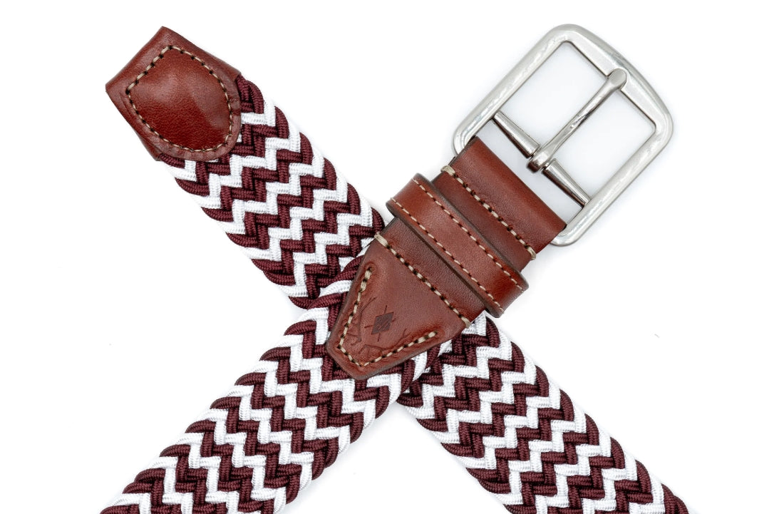 Collegiate Newport Woven Italian Rayon Elastic Belt - Garnet/White / 34
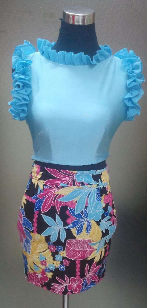 Step into spring with our Spring Bloom Ensemble. This stylish two-piece set features a light blue crop top with charming ruffled sleeves and a ruffled neckline. Paired with a high-waisted, fitted skirt adorned with a vibrant floral pattern, this outfit combines elegance and playfulness. The skirt showcases a delightful array of yellow, pink, blue, and green flowers against a black background, creating a striking contrast with the solid-colored top. Perfect for any daytime event or casual outing, this ensemble is a must-have for fashion enthusiasts looking to make a statement.
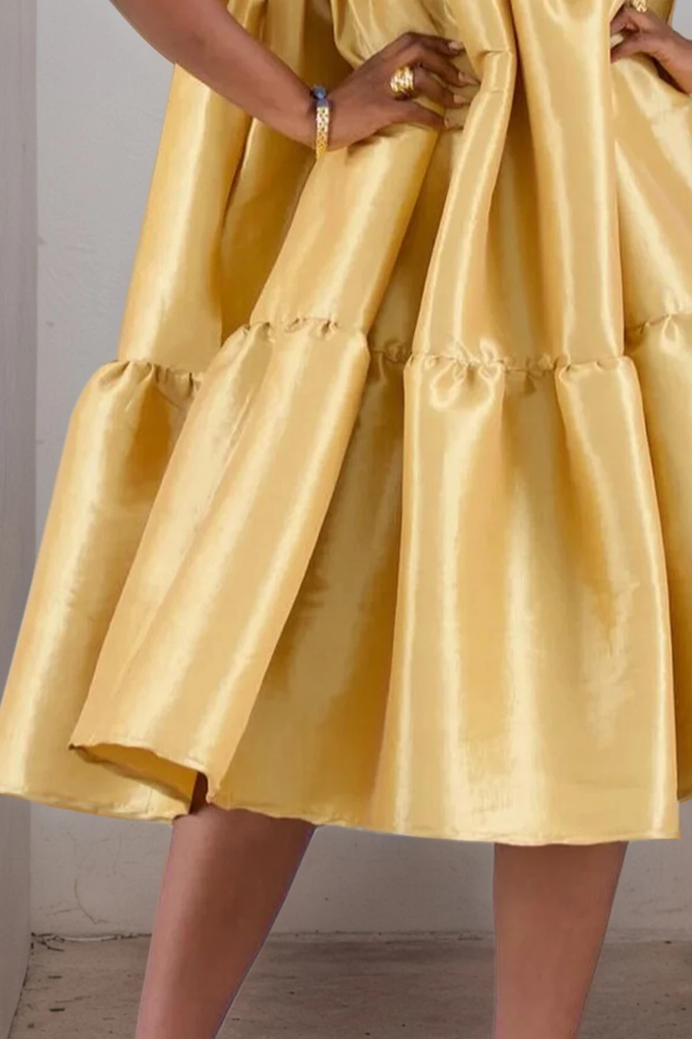 Features: bold gold luxurious satin midi dress, loose fit, tiered skirt, bright and summery
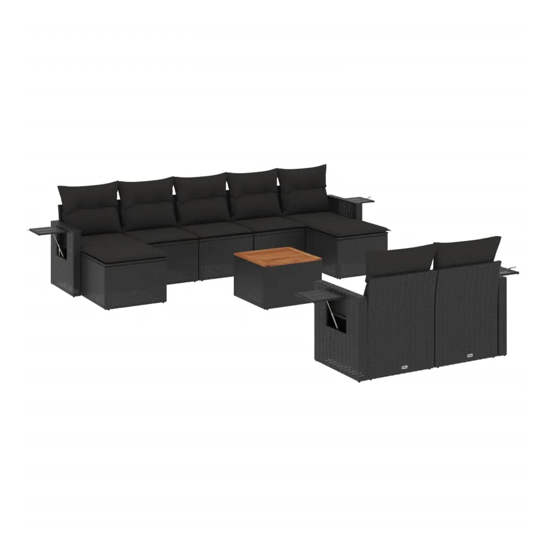 Cet ensemble de canapés de jardin est le complément parfait de votre arrière-cour, terrasse ou patio, offrant un espace confortable et accueillant pour discuter avec la famille et les amis ou simplement se détendre et profiter de l'extérieur. Matériau durable : la résine tressée, également connue sous le nom de poly rotin, est un matériau synthétique solide et nécessitant peu d'entretien qui ressemble au rotin naturel. Il est léger, facile à nettoyer et couramment utilisé pour les meubles d'extérieur en raison de sa durabilité et de ses propriétés de résistance aux intempéries.Fonction de rangement avec sac résistant à l'eau : chaque siège de jardin dispose d'un espace de rangement sous l'assise, complété par un sac résistant à l'eau pour ranger les coussins, les jouets et d'autres objets. Les sacs intérieurs sont dotés d'un couvercle et peuvent être solidement fixés aux sièges à l'aide de bandes auto-agrippantes pour plus de stabilité.Dessus stable et facile à nettoyer : cette table de jardin a un dessus en bois d'acacia robuste, durable et facile à nettoyer avec un chiffon humide.Table d'appoint pratique : ce mobilier d'extérieur comprend des tables d'appoint pliables avec un ressort à gaz sur les accoudoirs, offrant des endroits pratiques pour garder vos essentiels à portée de main.Conception modulaire : cet ensemble de meubles d'extérieur a une conception modulaire, ce qui le rend complètement flexible et facile à déplacer, afin que vous puissiez créer un agencement de meubles d'extérieur personnalisé. Bon à savoir :Pour que vos meubles d'extérieur restent beaux, nous vous recommandons de les protéger avec une housse imperméable.
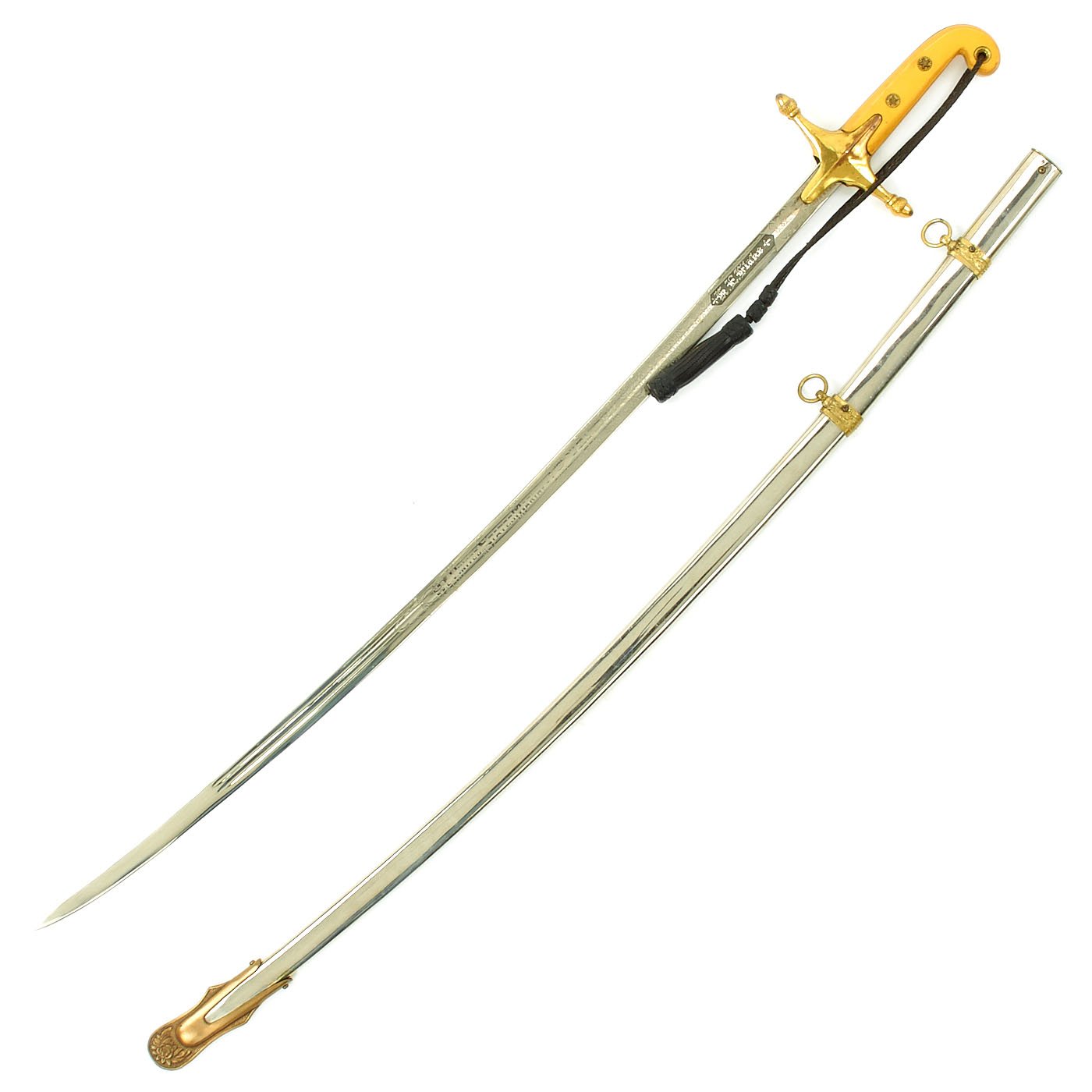 Marine Corps history states that a sword of this type was presented to Marine First Lieutenant Presley O'Bannon by the Ottoman Empire viceroy, Prince Hamet, on December 8, 1805, during the First Barbary War, in Libya, as a gesture of respect and praise for the Marines' actions at the Battle of Derna (1805). Upon his return to the United States, the state of Virginia presented him with a silver-hilted sword featuring an eaglehead hilt and a curved blade modeled after the original Mameluke sword given to him by Hamet. Its blade is inscribed with his name and a commemoration of the Battle of Tripoli Harbor.

------------------------------

[Task goal] Would you output, word for word, only the lines running from the line with "Cet ensemble de canapés" to the end of the listing above, both ends included, with no pictures?

[Output]
 Cet ensemble de canapés de jardin est le complément parfait de votre arrière-cour, terrasse ou patio, offrant un espace confortable et accueillant pour discuter avec la famille et les amis ou simplement se détendre et profiter de l'extérieur. Matériau durable : la résine tressée, également connue sous le nom de poly rotin, est un matériau synthétique solide et nécessitant peu d'entretien qui ressemble au rotin naturel. Il est léger, facile à nettoyer et couramment utilisé pour les meubles d'extérieur en raison de sa durabilité et de ses propriétés de résistance aux intempéries.Fonction de rangement avec sac résistant à l'eau : chaque siège de jardin dispose d'un espace de rangement sous l'assise, complété par un sac résistant à l'eau pour ranger les coussins, les jouets et d'autres objets. Les sacs intérieurs sont dotés d'un couvercle et peuvent être solidement fixés aux sièges à l'aide de bandes auto-agrippantes pour plus de stabilité.Dessus stable et facile à nettoyer : cette table de jardin a un dessus en bois d'acacia robuste, durable et facile à nettoyer avec un chiffon humide.Table d'appoint pratique : ce mobilier d'extérieur comprend des tables d'appoint pliables avec un ressort à gaz sur les accoudoirs, offrant des endroits pratiques pour garder vos essentiels à portée de main.Conception modulaire : cet ensemble de meubles d'extérieur a une conception modulaire, ce qui le rend complètement flexible et facile à déplacer, afin que vous puissiez créer un agencement de meubles d'extérieur personnalisé. Bon à savoir :Pour que vos meubles d'extérieur restent beaux, nous vous recommandons de les protéger avec une housse imperméable.
 Marine Corps history states that a sword of this type was presented to Marine First Lieutenant Presley O'Bannon by the Ottoman Empire viceroy, Prince Hamet, on December 8, 1805, during the First Barbary War, in Libya, as a gesture of respect and praise for the Marines' actions at the Battle of Derna (1805). Upon his return to the United States, the state of Virginia presented him with a silver-hilted sword featuring an eaglehead hilt and a curved blade modeled after the original Mameluke sword given to him by Hamet. Its blade is inscribed with his name and a commemoration of the Battle of Tripoli Harbor.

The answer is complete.